Beebe Freitas (née Beatrice Pauline Botty; August 28, 1938 – February 17, 2018) was an American pianist, organist, vocal coach and educator. She was the Head of Music for Hawaii Opera Theatre.

==Life==
Beebe Freitas was born as Beatrice Pauline Botty in Youngstown, Ohio, to mother Pauline (née Esterhay) and father John Botty. Freitas's father was Pastor of the Hungarian United Presbyterian Church in Youngstown, was born in Hungary and was a naturalized citizen of the United States. Freitas's mother was Dean of Women and Head of the Sociology Department at Youngstown State University and an attorney. Beebe married Lewis Pimentel Freitas on November 30, 1964, and was the mother of Roslyn Kapuamakalaniepaheahe Freitas Catracchia and John Botty Freitas.

Freitas attended South High School in Youngstown and in 1954 was the recipient of a Ford Foundation Early Admissions Scholarship to Oberlin College, Oberlin, Ohio where she received a Bachelor of Arts degree in 1958, studying piano with Edward Mattos.
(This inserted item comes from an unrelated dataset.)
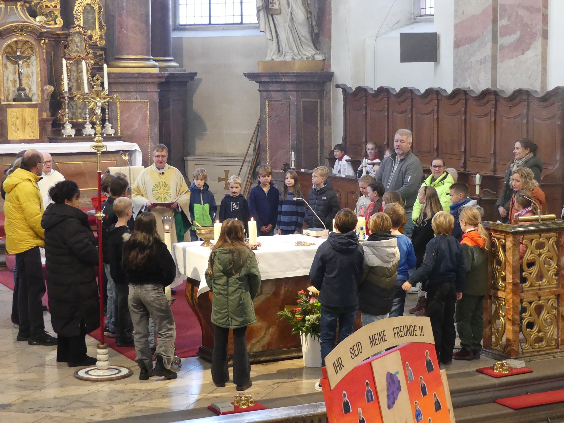 Im heutigen Gottesdienst am Christkönigsfest wurden die Erstkommunionkinder der Stadtpfarrei vorgestellt. Miteinander machen Sie sich auf den Weg um Freundinnen und Freunde Jesu zu werden.

She was awarded a Scholarship in Accompanying from Boston University where she received a Master of Music degree in 1959, studying piano with Alexander Borovsky and music history with Karl Geiringer. Continuing postgraduate education at Juilliard School of Music, New York City, from 1959 to 1962, she studied piano with Beveridge Webster and ensemble music with Louis Persinger, Isadore Cohen, Robert Mann, Luigi Silva and others.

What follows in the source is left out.